Sorting through the nines to compare reliability or availability in designs

When comparing architectures for availability and reliability, it is often difficult to comprehend the small differences in the estimates.

It is tempting to compare in terms of downtime, but doing that is a slippery slope; people like to think of minutes per year as an actual outcome, almost too real for reality.  Remember there is no such thing as an average; there is also no such outcome, no prediction that is as accurate as people like it to be. But that doesn’t stop the decision makers from thinking as though the estimate is a tangible number.

A couple tricks I like to use are Data Bars in Excel, and a log conversion that compares the “number of nines.”

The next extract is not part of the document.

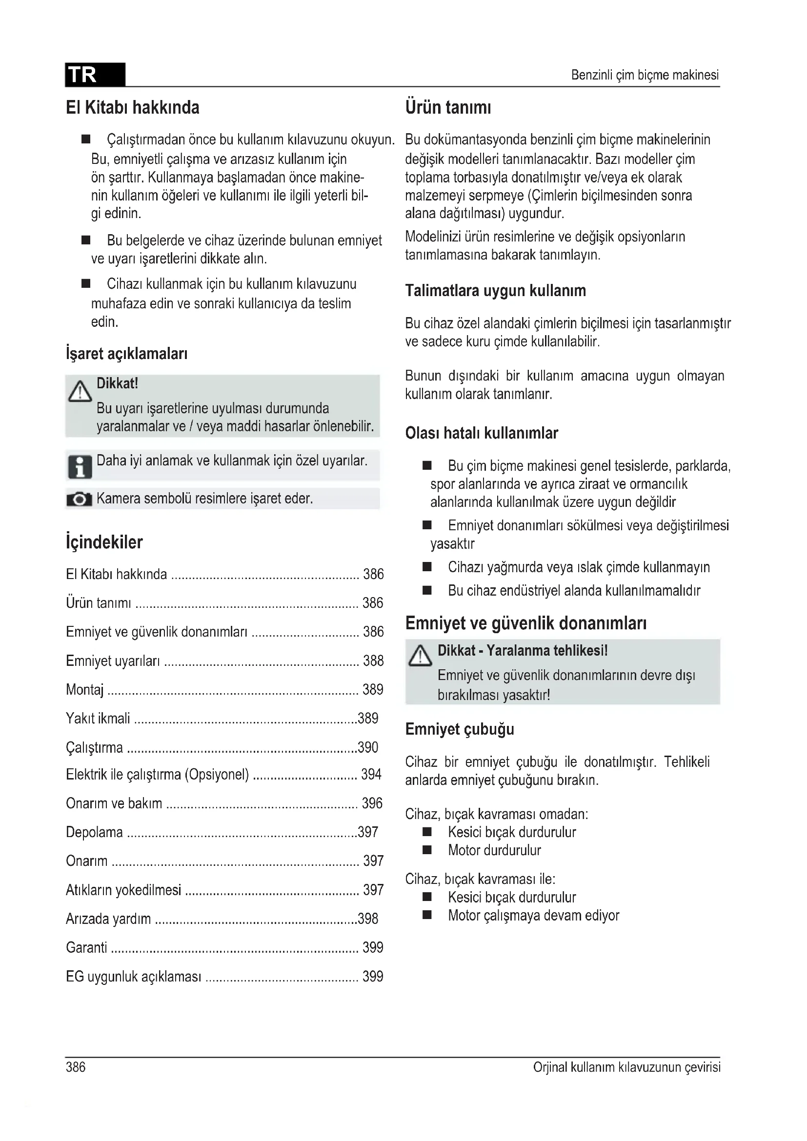 - EG uygunluk açıklaması El Kitabı hakkında Çalıştırmadan önce bu kullanım kılavuzunu okuyun. Bu, emniyetli çalışma ve arızasız kullanım için ön şarttır. Kullanmaya başlamadan önce makine- nin kullanım öğeleri ve kullanımı ile ilgili yeterli bil- gi edinin. Bu belgelerde ve cihaz üzerinde bulunan emniyet ve uyarı işaretlerini dikkate alın. Cihazı kullanmak için bu kullanım kılavuzunu muhafaza edin ve sonraki kullanıcıya da teslim edin. İşaret açıklamaları Dikkat! Bu uyarı işaretlerine uyulması durumunda yaralanmalar ve / veya maddi hasarlar önlenebilir. Daha iyi anlamak ve kullanmak için özel uyarılar. Kamera sembolü resimlere işaret eder. Ürün tanımı Bu dokümantasyonda benzinli çim biçme makinelerinin değişik modelleri tanımlanacaktır. Bazı modeller çim toplama torbasıyla donatılmıştır ve/veya ek olarak malzemeyi serpmeye (Çimlerin biçilmesinden sonra alana dağıtılması) uygundur. Modelinizi ürün resimlerine ve değişik opsiyonların tanımlamasına bakarak tanımlayın. Talimatlara uygun kullanım Bu cihaz özel alandaki çimlerin biçilmesi için tasarlanmıştır ve sadece kuru çimde kullanılabilir. Bunun dışındaki bir kullanım amacına uygun olmayan kullanım olarak tanımlanır. Olası hatalı kullanımlar Bu çim biçme makinesi genel tesislerde, parklarda, spor alanlarında ve ayrıca ziraat ve ormancılık alanlarında kullanılmak üzere uygun değildir Emniyet donanımları sökülmesi veya değiştirilmesi yasaktır Cihazı yağmurda veya ıslak çimde kullanmayın Bu cihaz endüstriyel alanda kullanılmamalıdır Emniyet ve güvenlik donanımları Dikkat - Yaralanma tehlikesi! Emniyet ve güvenlik donanımlarının devre dışı bırakılması yasaktır! Emniyet çubuğu Cihaz bir emniyet çubuğu ile donatılmıştır. Tehlikeli anlarda emniyet çubuğunu bırakın. Cihaz, bıçak kavraması omadan: Kesici bıçak durdurulur Motor durdurulur Cihaz, bıçak kavraması ile: Kesici bıçak durdurulur Motor çalışmaya devam ediyorTR 387470 591_c 1 Çalıştırma ipi 9 Kesme yüksekliği ayarı* 2 Start, Stop* 10 Bıçak kavraması* 3 Tekerlek tahriki* 11 Vario tahriki* 4 Emniyet çubuğu 12 Kullanım kılavuzu 5 Ergonomik yükseklik ayarı* 13 Dışarı atma parçası* 6 Dolum seviyesi göstergesi* 14 Kapak* 7 Engelleyici kapak* 15 Serpme kiti* 8 Çim toplama torbası* * Modele göre Cihazdaki semboller Dikkat! Kullanırken çok dikkatli olun. Kesme ünitesinde çalışma yapmadan önce buji soketini çıkarın. Çalıştırmadan önce kullanım kılavuzunu okuyun! Motor frenini açma. Üçüncü şahısları tehlikeli bölgeden uzaklaştırın! Tekerlek tahrikini çalıştırma. Ellerinizi ve ayaklarınızı kesme ünitesinden uzak tutun! p. 399

Under Conditional Formatting in Excel, the Data Bars capability is a very simple way of presenting a grid of numbers, such as when plotting the effect of two different variables in a system design, or combinations of connections in a network design.  Figure 1 is an example of the availability of node to node connections in a network, in pairs. Each row is a particular node pair, and each column is as well, so the diagonal is the availability of a node to node connection, and the off diagonal is the availability of the pair of node to node connections.  Notice that clusters and patterns are easier to see, such as the higher availability of the diagonal as expected, or the relatively high availability cluster at the bottom right for nodes 3, 4, 5.

Figure 1. Node to node availability grid for an arbitrary network.

When decision makers are comfortable with thinking in terms of the number of nines for comparison, then a log scale can be helpful, as it makes the smaller differences easier to see against the larger differences. But that can lead to unfair comparisons on a graph, where a small difference is made to look as large as a much larger difference. So I like to use this type of comparison against a standard or target, say “five nines” or 0.99999 availability for example.  Table I below gives a few of the common conversions. Note that “four and a half nines” is not 0.99995, but rather about 0.9999684. Precisely, the “number of nines” is calculates as –log(unavailability) in the table.

Table I

Conversions of availability, downtime, and fair weighting of nines.

These methods have different uses, and are not for every use either. The first method of Data Bars is broadly useful for comparing large numbers of data visually. And as long as the numbers are fair, the weighting provided by that method will be, and so the comparison should be useful and fair. Edward Tufte might approve (http://www.edwardtufte.com/tufte/). But the second method of log conversion to “the number of nines” can be misleading in comparisons of a large number of results as it is nonlinear. So I reserve its use for comparisons against targets and goals for a design.